▸ What is needed
For the data that follows, return each line unchanged and drop the pictures.

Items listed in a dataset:

◇ ◇ ◇ ◇

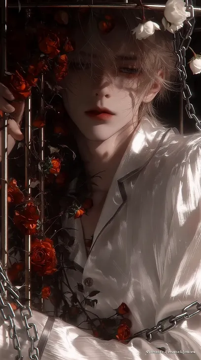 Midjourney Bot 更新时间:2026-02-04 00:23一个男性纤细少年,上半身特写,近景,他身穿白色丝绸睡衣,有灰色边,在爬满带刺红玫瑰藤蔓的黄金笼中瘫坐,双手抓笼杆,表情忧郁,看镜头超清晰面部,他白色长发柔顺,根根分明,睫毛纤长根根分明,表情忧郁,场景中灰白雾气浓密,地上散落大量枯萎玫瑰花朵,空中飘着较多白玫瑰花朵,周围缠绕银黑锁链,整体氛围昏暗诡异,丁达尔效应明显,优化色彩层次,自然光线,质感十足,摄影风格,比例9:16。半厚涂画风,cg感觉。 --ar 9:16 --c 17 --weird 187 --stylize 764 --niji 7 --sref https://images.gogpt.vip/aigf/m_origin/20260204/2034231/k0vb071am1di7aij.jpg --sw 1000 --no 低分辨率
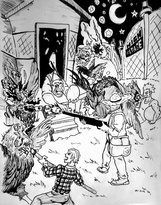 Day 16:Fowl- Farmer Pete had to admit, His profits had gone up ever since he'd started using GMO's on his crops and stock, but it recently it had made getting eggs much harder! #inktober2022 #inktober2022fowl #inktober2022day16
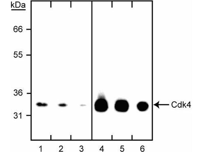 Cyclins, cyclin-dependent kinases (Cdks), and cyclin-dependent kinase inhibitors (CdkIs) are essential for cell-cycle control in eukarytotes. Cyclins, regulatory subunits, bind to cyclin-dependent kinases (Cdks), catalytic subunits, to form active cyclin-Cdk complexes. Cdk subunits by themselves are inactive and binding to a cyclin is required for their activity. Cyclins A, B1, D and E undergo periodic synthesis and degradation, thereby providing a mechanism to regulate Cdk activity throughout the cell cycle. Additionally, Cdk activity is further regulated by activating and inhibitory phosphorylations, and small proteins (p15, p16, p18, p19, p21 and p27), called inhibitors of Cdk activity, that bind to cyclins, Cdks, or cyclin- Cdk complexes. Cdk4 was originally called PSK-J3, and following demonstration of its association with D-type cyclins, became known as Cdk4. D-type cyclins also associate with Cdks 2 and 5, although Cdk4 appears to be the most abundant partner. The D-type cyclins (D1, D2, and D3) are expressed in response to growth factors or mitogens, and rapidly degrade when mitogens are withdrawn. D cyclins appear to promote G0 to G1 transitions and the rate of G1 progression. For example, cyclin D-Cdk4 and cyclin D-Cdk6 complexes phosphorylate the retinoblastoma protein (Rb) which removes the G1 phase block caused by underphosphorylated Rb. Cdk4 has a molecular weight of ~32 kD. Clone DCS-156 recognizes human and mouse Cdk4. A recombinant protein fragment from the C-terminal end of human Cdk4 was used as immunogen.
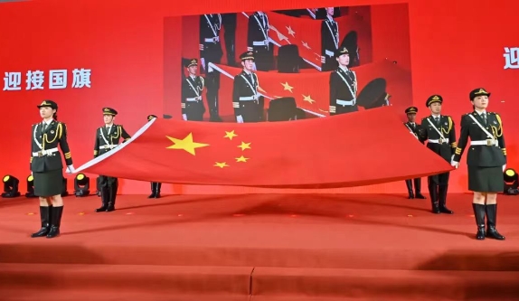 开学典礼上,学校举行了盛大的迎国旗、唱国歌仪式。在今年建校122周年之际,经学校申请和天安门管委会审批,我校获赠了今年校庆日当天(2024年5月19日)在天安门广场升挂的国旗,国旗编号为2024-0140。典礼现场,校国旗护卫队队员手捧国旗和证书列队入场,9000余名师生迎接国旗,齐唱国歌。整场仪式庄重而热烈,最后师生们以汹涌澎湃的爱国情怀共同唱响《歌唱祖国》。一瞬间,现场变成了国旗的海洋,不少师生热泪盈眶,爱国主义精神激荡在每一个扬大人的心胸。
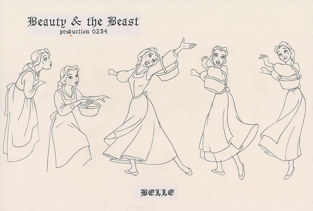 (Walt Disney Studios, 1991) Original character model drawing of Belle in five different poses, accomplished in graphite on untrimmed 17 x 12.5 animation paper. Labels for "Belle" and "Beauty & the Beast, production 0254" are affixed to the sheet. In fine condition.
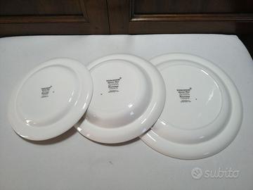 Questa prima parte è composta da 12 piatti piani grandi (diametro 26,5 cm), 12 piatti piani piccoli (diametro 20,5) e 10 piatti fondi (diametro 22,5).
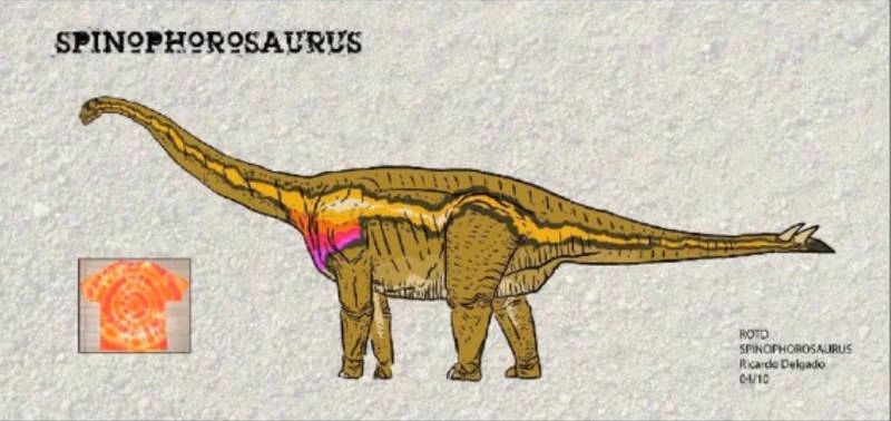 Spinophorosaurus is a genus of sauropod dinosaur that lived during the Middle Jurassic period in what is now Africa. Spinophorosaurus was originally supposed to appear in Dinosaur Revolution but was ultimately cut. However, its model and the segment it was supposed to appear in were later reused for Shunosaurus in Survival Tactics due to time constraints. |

◇ ◇ ◇ ◇

▸ Solution
 Midjourney Bot 更新时间:2026-02-04 00:23一个男性纤细少年,上半身特写,近景,他身穿白色丝绸睡衣,有灰色边,在爬满带刺红玫瑰藤蔓的黄金笼中瘫坐,双手抓笼杆,表情忧郁,看镜头超清晰面部,他白色长发柔顺,根根分明,睫毛纤长根根分明,表情忧郁,场景中灰白雾气浓密,地上散落大量枯萎玫瑰花朵,空中飘着较多白玫瑰花朵,周围缠绕银黑锁链,整体氛围昏暗诡异,丁达尔效应明显,优化色彩层次,自然光线,质感十足,摄影风格,比例9:16。半厚涂画风,cg感觉。 --ar 9:16 --c 17 --weird 187 --stylize 764 --niji 7 --sref https://images.gogpt.vip/aigf/m_origin/20260204/2034231/k0vb071am1di7aij.jpg --sw 1000 --no 低分辨率
 Day 16:Fowl- Farmer Pete had to admit, His profits had gone up ever since he'd started using GMO's on his crops and stock, but it recently it had made getting eggs much harder! #inktober2022 #inktober2022fowl #inktober2022day16
 Cyclins, cyclin-dependent kinases (Cdks), and cyclin-dependent kinase inhibitors (CdkIs) are essential for cell-cycle control in eukarytotes. Cyclins, regulatory subunits, bind to cyclin-dependent kinases (Cdks), catalytic subunits, to form active cyclin-Cdk complexes. Cdk subunits by themselves are inactive and binding to a cyclin is required for their activity. Cyclins A, B1, D and E undergo periodic synthesis and degradation, thereby providing a mechanism to regulate Cdk activity throughout the cell cycle. Additionally, Cdk activity is further regulated by activating and inhibitory phosphorylations, and small proteins (p15, p16, p18, p19, p21 and p27), called inhibitors of Cdk activity, that bind to cyclins, Cdks, or cyclin- Cdk complexes. Cdk4 was originally called PSK-J3, and following demonstration of its association with D-type cyclins, became known as Cdk4. D-type cyclins also associate with Cdks 2 and 5, although Cdk4 appears to be the most abundant partner. The D-type cyclins (D1, D2, and D3) are expressed in response to growth factors or mitogens, and rapidly degrade when mitogens are withdrawn. D cyclins appear to promote G0 to G1 transitions and the rate of G1 progression. For example, cyclin D-Cdk4 and cyclin D-Cdk6 complexes phosphorylate the retinoblastoma protein (Rb) which removes the G1 phase block caused by underphosphorylated Rb. Cdk4 has a molecular weight of ~32 kD. Clone DCS-156 recognizes human and mouse Cdk4. A recombinant protein fragment from the C-terminal end of human Cdk4 was used as immunogen.
 开学典礼上,学校举行了盛大的迎国旗、唱国歌仪式。在今年建校122周年之际,经学校申请和天安门管委会审批,我校获赠了今年校庆日当天(2024年5月19日)在天安门广场升挂的国旗,国旗编号为2024-0140。典礼现场,校国旗护卫队队员手捧国旗和证书列队入场,9000余名师生迎接国旗,齐唱国歌。整场仪式庄重而热烈,最后师生们以汹涌澎湃的爱国情怀共同唱响《歌唱祖国》。一瞬间,现场变成了国旗的海洋,不少师生热泪盈眶,爱国主义精神激荡在每一个扬大人的心胸。
 (Walt Disney Studios, 1991) Original character model drawing of Belle in five different poses, accomplished in graphite on untrimmed 17 x 12.5 animation paper. Labels for "Belle" and "Beauty & the Beast, production 0254" are affixed to the sheet. In fine condition.
 Questa prima parte è composta da 12 piatti piani grandi (diametro 26,5 cm), 12 piatti piani piccoli (diametro 20,5) e 10 piatti fondi (diametro 22,5).
 Spinophorosaurus is a genus of sauropod dinosaur that lived during the Middle Jurassic period in what is now Africa. Spinophorosaurus was originally supposed to appear in Dinosaur Revolution but was ultimately cut. However, its model and the segment it was supposed to appear in were later reused for Shunosaurus in Survival Tactics due to time constraints. |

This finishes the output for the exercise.